Just my thoughts, etched in words...

Monday, February 13, 2012

Dadi passed away today. I will not say she left us, because she will always be with us- forever. She will be with us in all the things she taught us, big or small. She will be in the legacy that she has left for us to uphold and carry.

Like all grandchildren, my brother Aniruddha and I were very fond of and loved our Dadi. We always will. Now that she is physically not with us, all the memories that we shared with her and that have shaped our lives come cascading down to me. Dadi was an excellent story teller. Sitting cozily around her, we could never have enough of her stories, kisse and kahanian. I can't even fathom how she had the patience to repeat them day after day, year after year! I want to now bequeath these to my son too and keep her memories alive, always. Dadi was fond of singing and kept an age old diary of hand written songs and poems and would clap and sing bhajans and songs from it everyday, almost till the very day she breathed her last. We will yearn for that resounding and discernible voice emanating from her immaculate memory. I wish I had learnt some from her.

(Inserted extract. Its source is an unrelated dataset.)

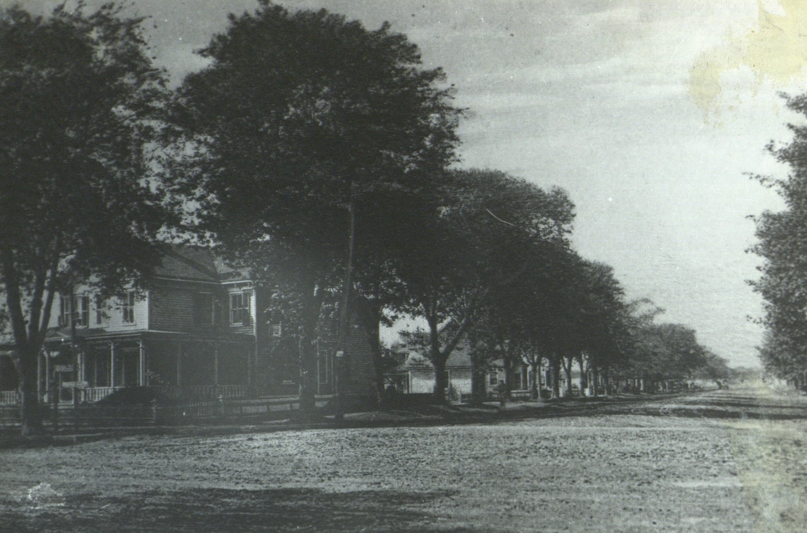 Caption on reverse reads: Looking North on Newtown Lane from Main Street corner. House at left is the former Christian Schenck home. It was removed to the corner of Church Street and Gingerbread Lane. Due to a fire in later years, it is much smaller today than when it stood on Main Street. Copy by C. Frank Dayton.,

She even taught me how to braid my hair. Barely 10 or 12, I would insist- "Dadi, aapki choti main banaongi!". She knew the hazards of letting me do it but never said no. Needless to say, she always had her plait crooked! The one thing I cannot forget about her are her hands- those small, soft hands that held ours whenever we sat next to her. Her gradually faltering vision was a casualty of old age, and as we sat next to her, she would lean forward and listen intently to us, holding our hands, patting them once in a while. She liked us to tell her the story of the movie we went for, or the TV serial we saw. She and my Nani would then discuss it as a matter of national importance for hours, discerning the right from the wrong, good from the bad! It made for some excellent overhearing! I shall miss all of that now.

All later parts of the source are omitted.